Well, okay, she’s upset, maybe she’ll think to call his parents later.

And then she spends the rest of the chapter stewing in self-pity and…actively convincing herself that there’s nothing she could do. Talks herself out of trying valid options and everything. Annoying, but fairly realistic, too.

The next morning, she somehow manages to wake up very early and then black-out/space-out all morning until she’s nearly late for school. Kind of an interesting scene showing her as not-all-there, but also out of place and peters off into nothing.

Turns out Noah isn’t at school. Mara goes to see the principle to talk about her grade.

[Dr. Khan] looked as undoctorly as it was possible to look, wearing khaki pants and a white polo shirt emblazoned with the Croyden crest.

…?????? I don’t get it.

Anyway, Dr. Khan says that he won’t change Mara’s grade because she wasn’t failed for getting anything wrong, but rather failed for cheating. Morales made a bunch of unsubstantiated claims that, even by her own story, are pretty circumstantial.

This book is so weird. Like, I can see what it wants to do, but then the processes that it picks are just…so blatantly out of touch. Yes, I can imagine a teacher lying about a student cheating. Yes, I can believe a school siding with a teacher instead of a student because the administration “knows” the teacher better and thus believes them. But there has to be more going into the story than just “Well, she said so.” Schools, especially ones that cater to the children of the rich and powerful, have to protect themselves, and that means they need a paper trail and proof and history and pattern of behavior, etc. This might fly in a different school, or if the book had bothered to establish corruption at Croyden, or if Morales had put literally any more effort into this deception at all, but as is? It sounds like a tall tale that a pissed off teenager would tell on the internet.

Dr. Khan tries to make the argument that Mara is untrustworthy because… she was tardy a few times, and got in a row with the very teacher who then accused her of cheating without any proof.

Who would you believe?

You’re a really terrible administrator and I’m surprised one of these parents hasn’t sued you yet.

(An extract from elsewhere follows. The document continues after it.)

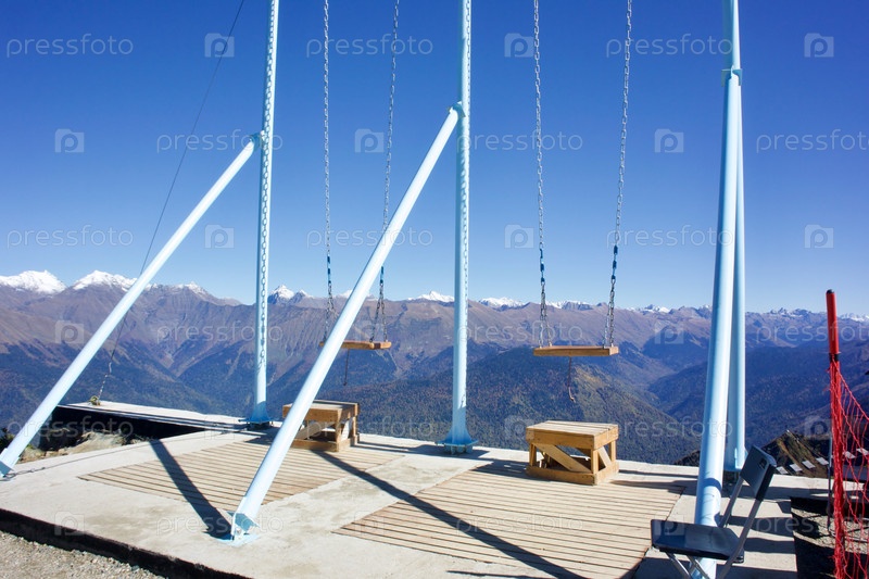 Аттракцион-качели над пропастью на вершине пика Роза. Сочи Россия
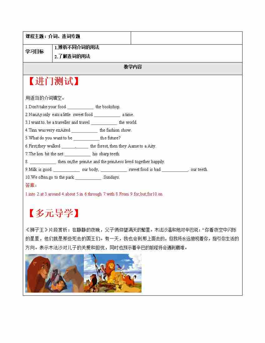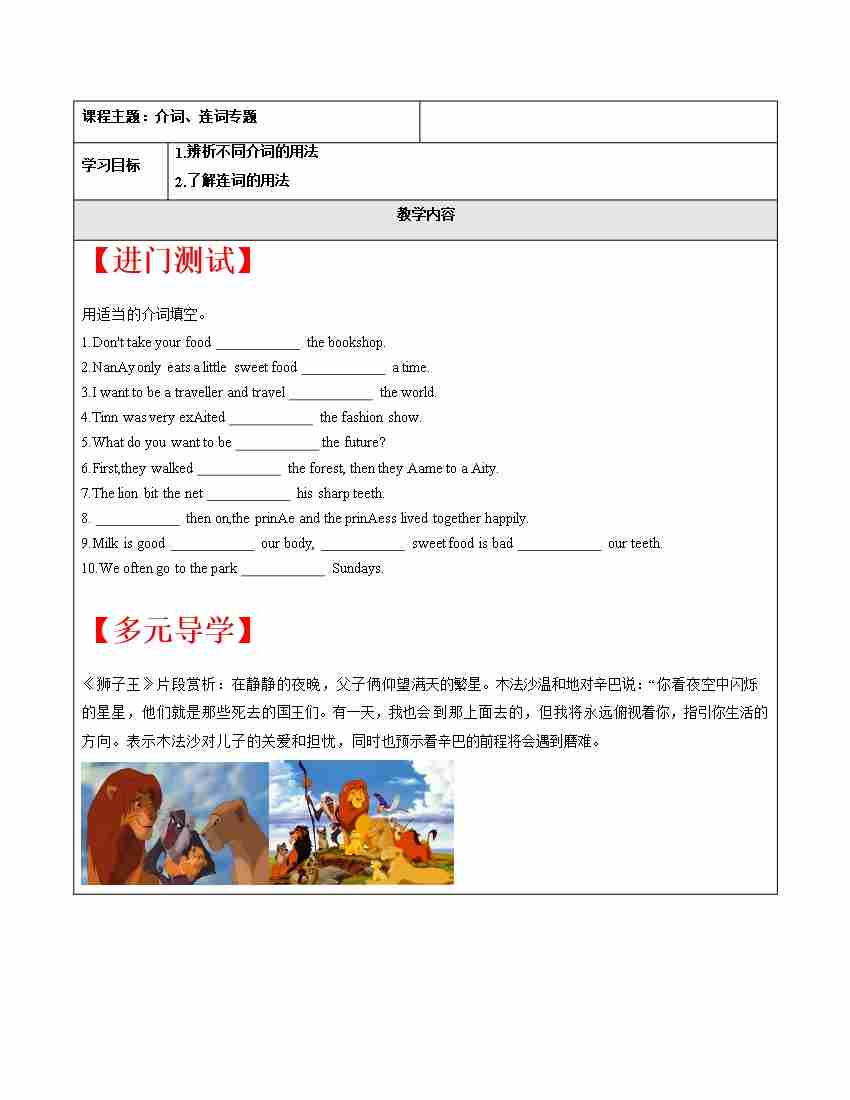 六年级英语寒假讲义第7讲 连词介词专题 (教师版)译林版(三起)

“Just—just listen. There’s a recording of my exam. I’ll get someone to translate it. We’ll play it. Ms. Morales can—”

“Also the recording will prove that she asked me a question that wasn’t even on the study guide, so her claim that I had something written on my arm and was looking at it while answering becomes very suspect.” Oh, not going to bring that up? Okay, then.

Mara leaves the office spittin’ mad and imagining Morales dead as a doornail. When she gets to the classroom she hallucinates the dead body of Jude, then the body of the dog abuser, then Morales, except dead Morales is actually real. Dun dun dun.